## Work task
Return the lines of the data below starting at the one holding "Pinturas que brincam" and ending at the one holding "Όπως παρατηρούμε και", word for word, leaving every picture out.

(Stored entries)
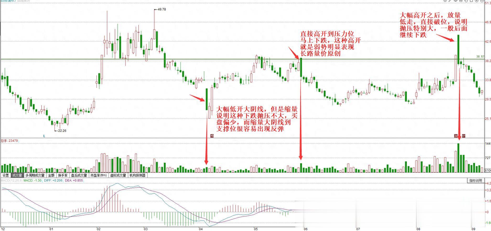 而如果这种大幅高开低走之后的走势,直接破掉了高开过程中,突破上来的支撑,那么这种高开低走的走势,后面继续下跌几乎就是确定的,而且一般放量越大,后面继续下跌的概率是越高,有些比较鸡贼的走势,在这种大幅高开低走并且破位之后,有几天的横盘震荡,但是不管怎么震荡,只要是股价不能吃上放量高开低走的K线,那么就只能看是一种下跌中继的震荡,而不是走强。
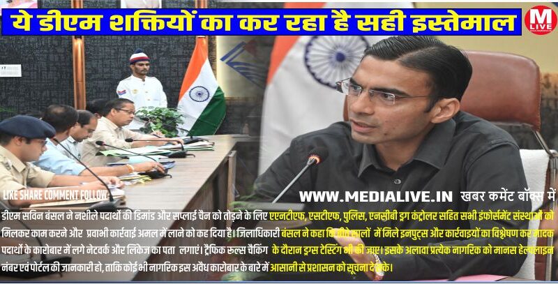 Read Moreमीडिया लाइव, देहरादून : ‘‘ड्रग्स फ्री देवभूमि’’ के संकल्प को साकार करने के लिए जिला प्रशासन ने प्रभावी रणनीति तैयार
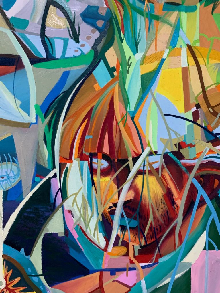 Pinturas que brincam com as texturas e saltam da tela conversam sobre as relações com a terra e o brotar da vida
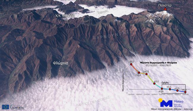 Όπως παρατηρούμε και στις παραπάνω δορυφορικές εικόνες που ελήφθησαν από το δορυφόρο Sentinel 2 του Ευρωπαϊκού Προγράμματος Copernicus και επεξεργάστηκε η μονάδα meteo του Ε.Α.Α, η ομίχλη εντοπίζεται στα πρώτα μερικά δεκάδες μέτρα πάνω από το έδαφος. Στη Φλώρινα τις τελευταίες 4 μέρες σύμφωνα με τον αυτόματο μετεωρολογικό σταθμό του Ε.Α.Α/meteo.gr η μέγιστη θερμοκρασία δεν ξεπέρασε τους +2,4°C λόγω της πυκνής ομίχλης, ενώ στο Νευροκόπι της Δράμας στις 30 & 31 Δεκεμβρίου 2022 η μέγιστη ημερήσια θερμοκρασία δεν ξεπέρασε τους +2,8°C.
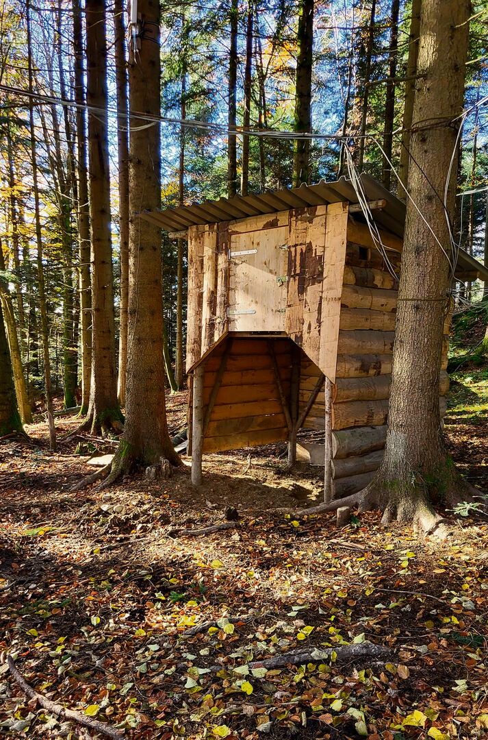 Auf dem Panoramahof in Meggen wagte Ursula Küchler auf Initiative der Albert Koechlin Stiftung und begleitet vom Forschungsinstitut für biologischen Landbau (FiBL) einen Versuch der besonderen Art: Um zu erforschen, wie viel ihrer wilden Vorfahren noch in intensiv gezüchteten Schweinen steckt, lebten die Tiere hier drei Jahre lang fast komplett im Freien. Nur ein paar einfache, eingestreute Häuschen boten ihnen Schutz vor Wind und Wetter. «Regen mögen sie gar nicht», weiss Küchler durch ihre Beobachtungen. Mit über 20 Kameras wurde das Verhalten der Schweine so genau wie möglich festgehalten. Ab 15 Grad gehörten Schlammbäder zur Tagesordnung. Zuerst grasten die Schweine die Weide ab, dann pflügten sie die Erde um und legten Suhlen an. «Mit meinem Handy hatte ich auch Zugriff auf die Videos», erzählt Küchler, die Gefallen an der Technik gefunden hatte. «Als die Kleinen zur Welt kamen, konnte ich sogar im Bett schnell nachsehen, ob alles in Ordnung ist.» Das Projekt sah vor, dass die Mutterschweine nur im Mai Nachwuchs gebären. So war sichergestellt, dass die Kleinen in den warmen Monaten heranwachsen konnten. Für die Zuchtschweine, welche sie die ganzen drei Projekt-jahre über behalten hatten, war der Winter wohl die grösste Herausforderung. «Im November 2024 hatten wir an einem Morgen 40 Zentimeter Neuschnee», erzählt Küchler. «Da mussten sie durch den Schnee pflügen und waren von dieser weissen Pracht nicht sonderlich begeistert.» Da die sechs Hütten mehr als genug Liegeflächen im Wald und auf der Weide boten, konnten die Schweine frei entscheiden, wo sie sich aufhalten wollten. Wenn der Boden gefroren war, waren sie meistens im Wald zu finden. Auch den Sommer verbrachten sie fast komplett im Wald, um den kühlen Schatten zu suchen. Im Frühling und Herbst jedoch tobten sie sich lieber auf der Wiese aus. «Schweine wollen einfach wühlen, irgendetwas umherschieben können, ihre Nase in den Boden stecken und pflügen», erklärt Küchler. Entsprechend sah die Wiese im Herbst auch aus wie ein Openair-Gelände nach einem Regentag. «Grundsätzlich ist für uns der Matsch ein grösseres Problem als für die Schweine, denn sie können hier gut gehen», so die Hofbesitzerin. Nur, wenn der Matsch gefroren ist, stossen die Paarhufer an ihre Grenzen. «Deshalb haben wir vergangenen Winter mit Strohballen eine Art Teppich für sie gemacht.» Auf diese Weise war die Verbindung vom Futtertrog bis in den Wald gesichert.

## Worked solution
 Pinturas que brincam com as texturas e saltam da tela conversam sobre as relações com a terra e o brotar da vida
 Όπως παρατηρούμε και στις παραπάνω δορυφορικές εικόνες που ελήφθησαν από το δορυφόρο Sentinel 2 του Ευρωπαϊκού Προγράμματος Copernicus και επεξεργάστηκε η μονάδα meteo του Ε.Α.Α, η ομίχλη εντοπίζεται στα πρώτα μερικά δεκάδες μέτρα πάνω από το έδαφος. Στη Φλώρινα τις τελευταίες 4 μέρες σύμφωνα με τον αυτόματο μετεωρολογικό σταθμό του Ε.Α.Α/meteo.gr η μέγιστη θερμοκρασία δεν ξεπέρασε τους +2,4°C λόγω της πυκνής ομίχλης, ενώ στο Νευροκόπι της Δράμας στις 30 & 31 Δεκεμβρίου 2022 η μέγιστη ημερήσια θερμοκρασία δεν ξεπέρασε τους +2,8°C.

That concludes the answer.